BEGIN

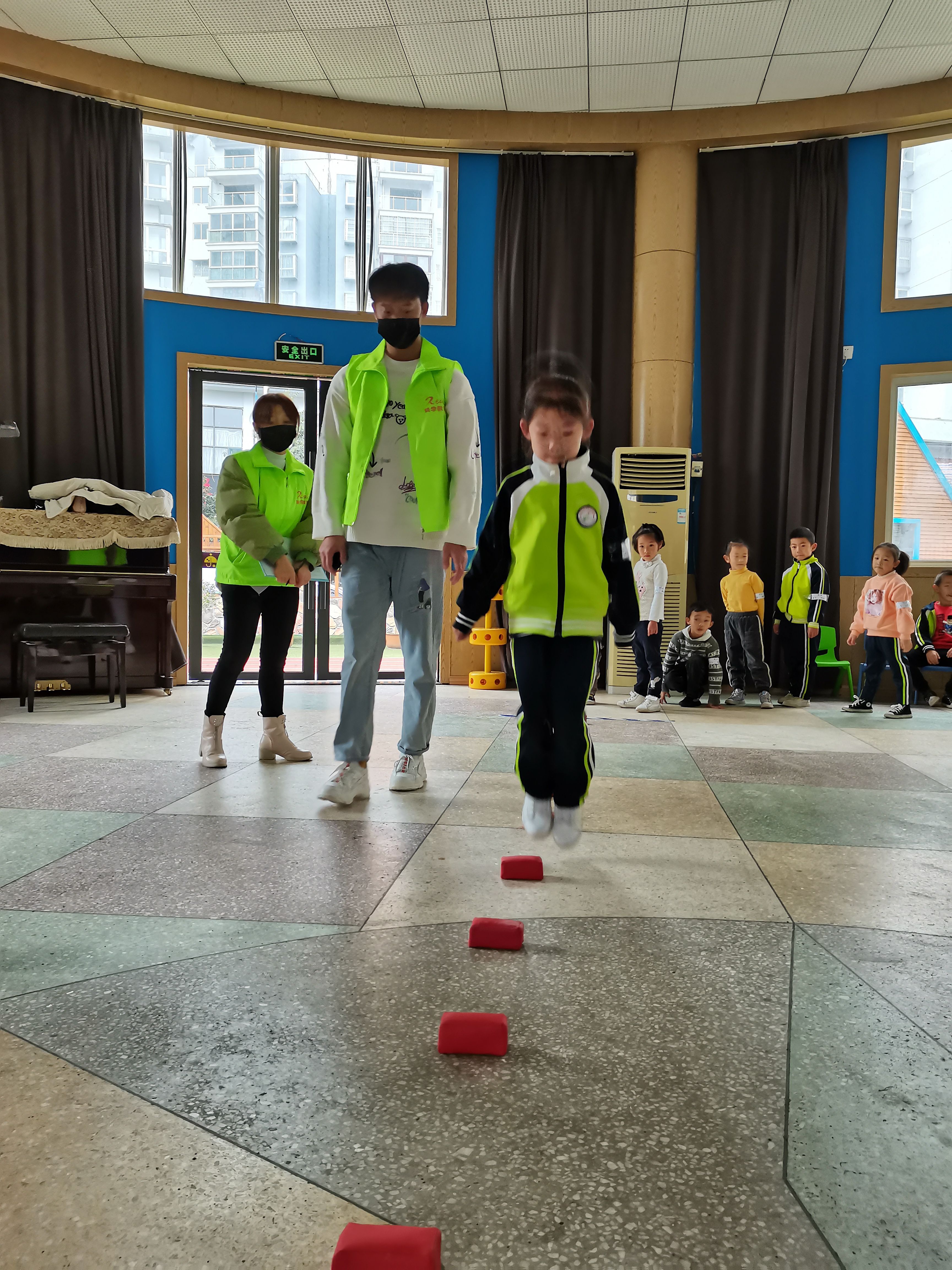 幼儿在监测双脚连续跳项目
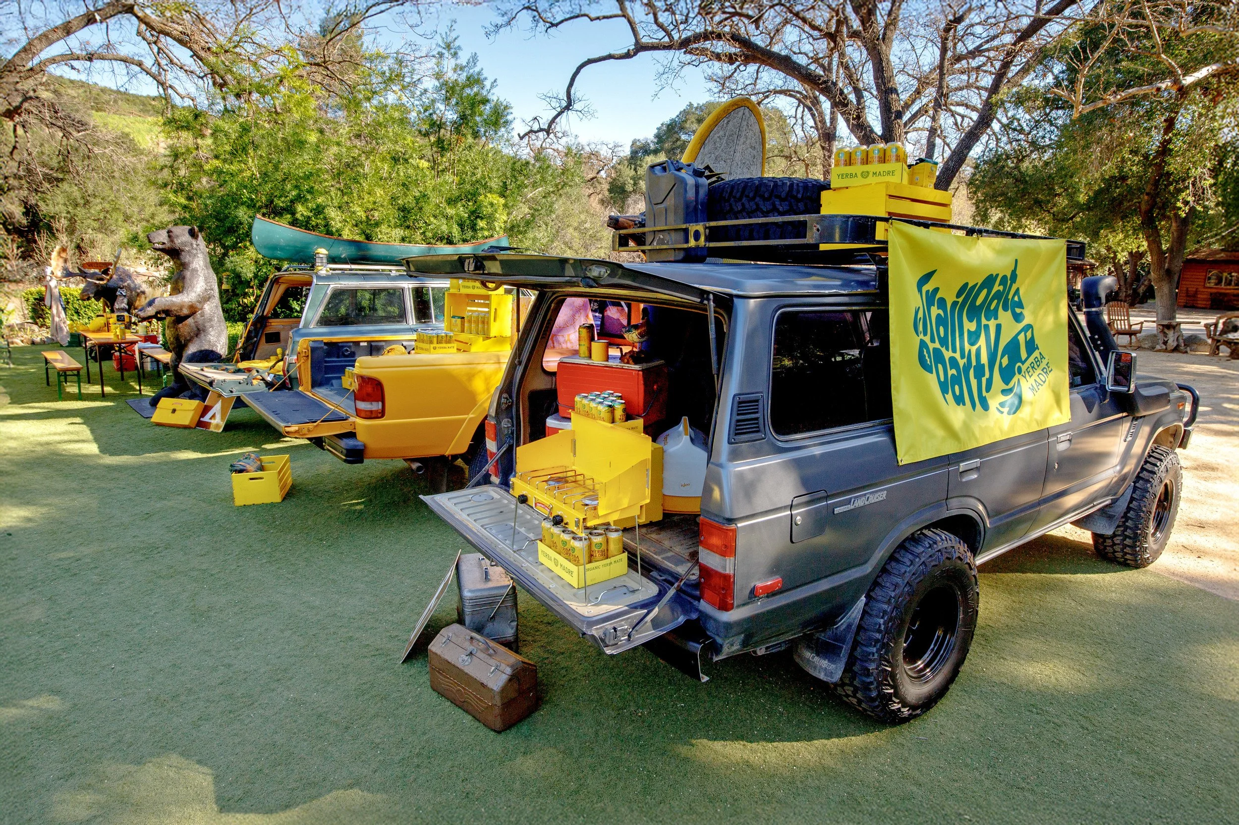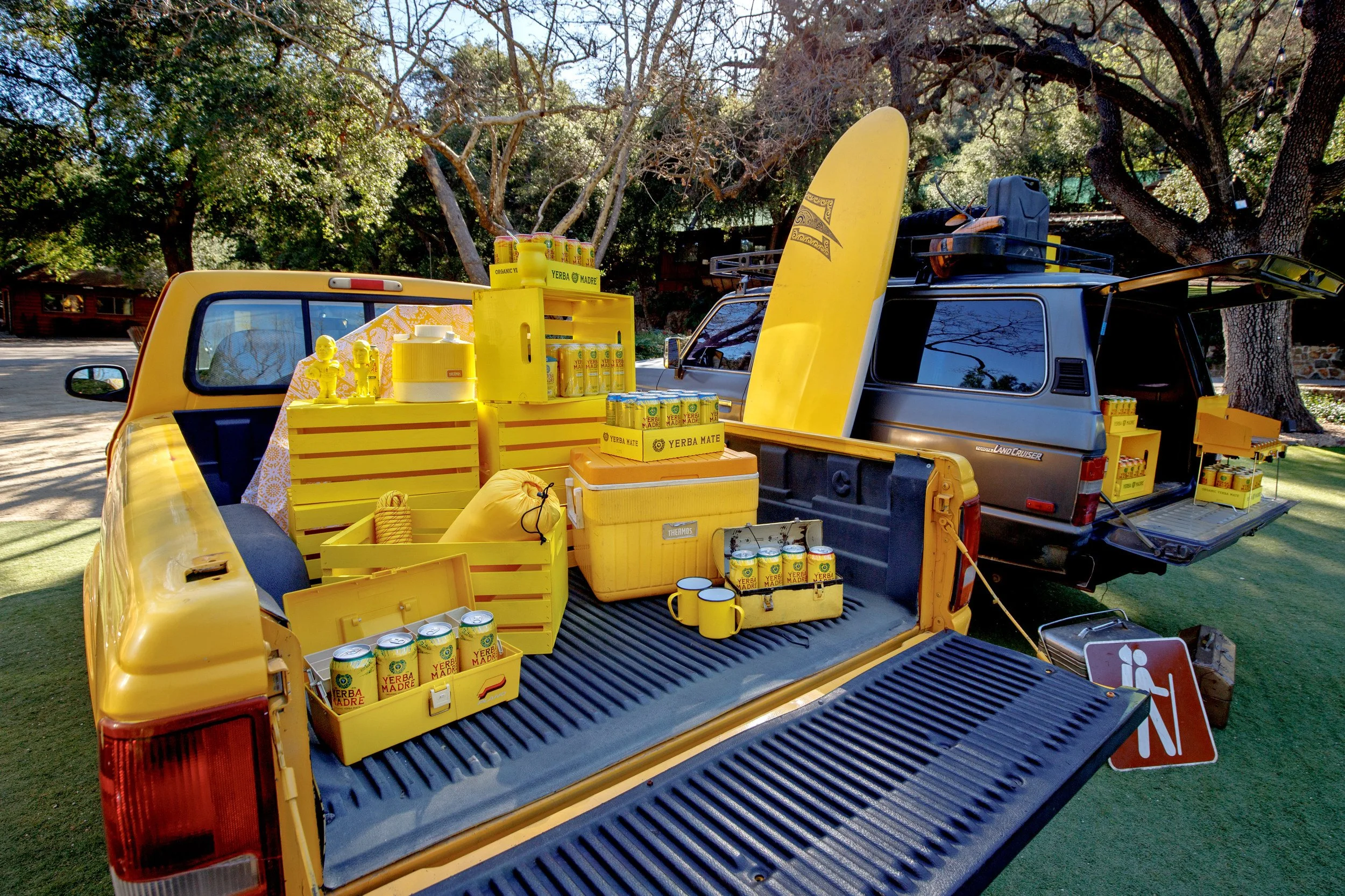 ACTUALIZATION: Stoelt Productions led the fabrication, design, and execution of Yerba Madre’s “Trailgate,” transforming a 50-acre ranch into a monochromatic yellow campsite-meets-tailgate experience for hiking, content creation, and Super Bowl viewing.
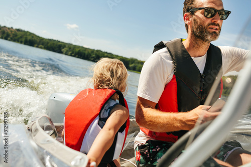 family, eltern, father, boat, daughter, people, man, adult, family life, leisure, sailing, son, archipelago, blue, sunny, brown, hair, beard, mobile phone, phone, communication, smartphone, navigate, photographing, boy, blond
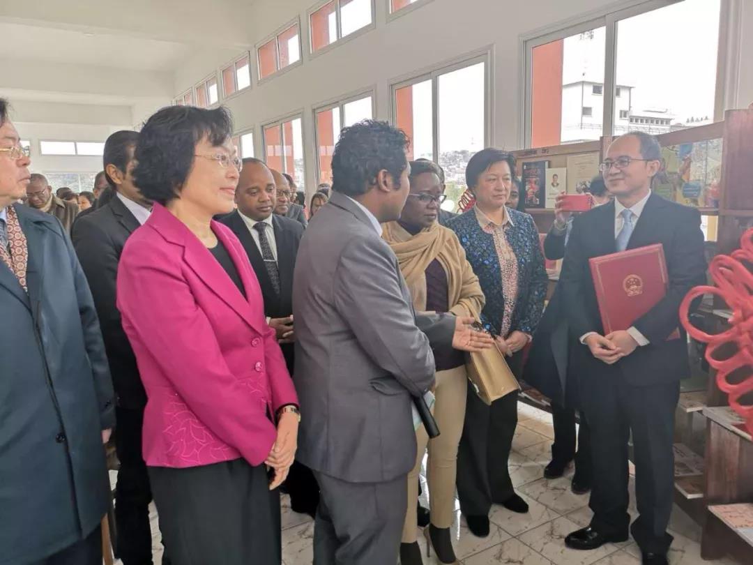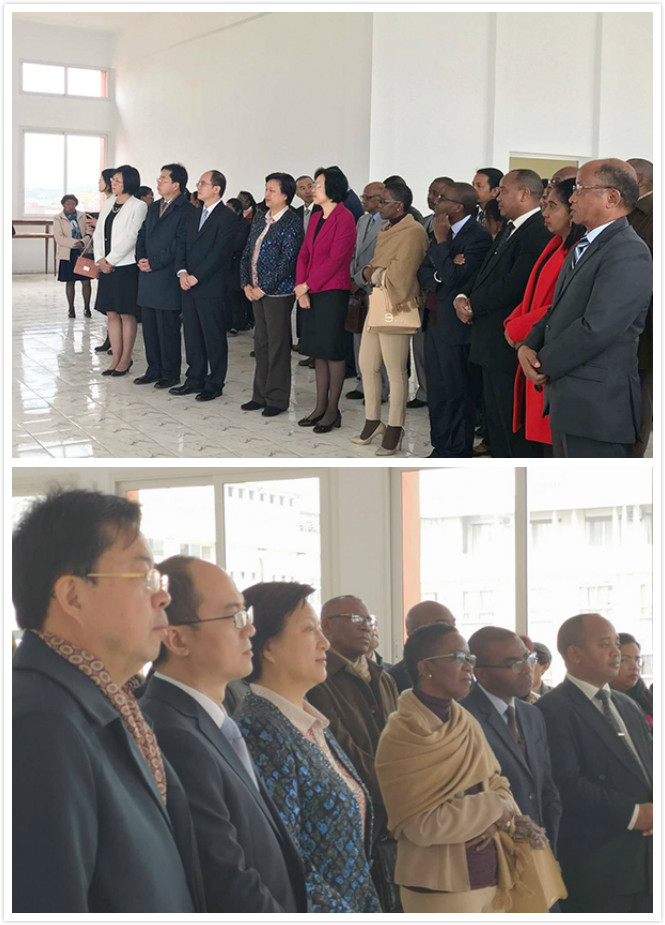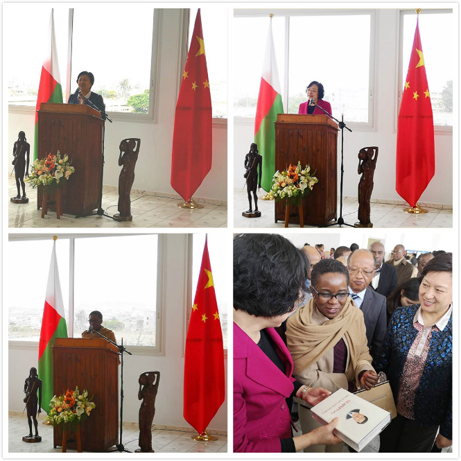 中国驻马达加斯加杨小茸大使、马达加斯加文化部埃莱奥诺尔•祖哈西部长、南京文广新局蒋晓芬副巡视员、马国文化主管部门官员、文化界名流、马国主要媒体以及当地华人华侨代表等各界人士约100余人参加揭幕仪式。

END

▶ _Aim of the task_
Write all the lines above out again exactly, minus the images.

▶ _Solution for this problem_
 幼儿在监测双脚连续跳项目
 ACTUALIZATION: Stoelt Productions led the fabrication, design, and execution of Yerba Madre’s “Trailgate,” transforming a 50-acre ranch into a monochromatic yellow campsite-meets-tailgate experience for hiking, content creation, and Super Bowl viewing.
 family, eltern, father, boat, daughter, people, man, adult, family life, leisure, sailing, son, archipelago, blue, sunny, brown, hair, beard, mobile phone, phone, communication, smartphone, navigate, photographing, boy, blond
 中国驻马达加斯加杨小茸大使、马达加斯加文化部埃莱奥诺尔•祖哈西部长、南京文广新局蒋晓芬副巡视员、马国文化主管部门官员、文化界名流、马国主要媒体以及当地华人华侨代表等各界人士约100余人参加揭幕仪式。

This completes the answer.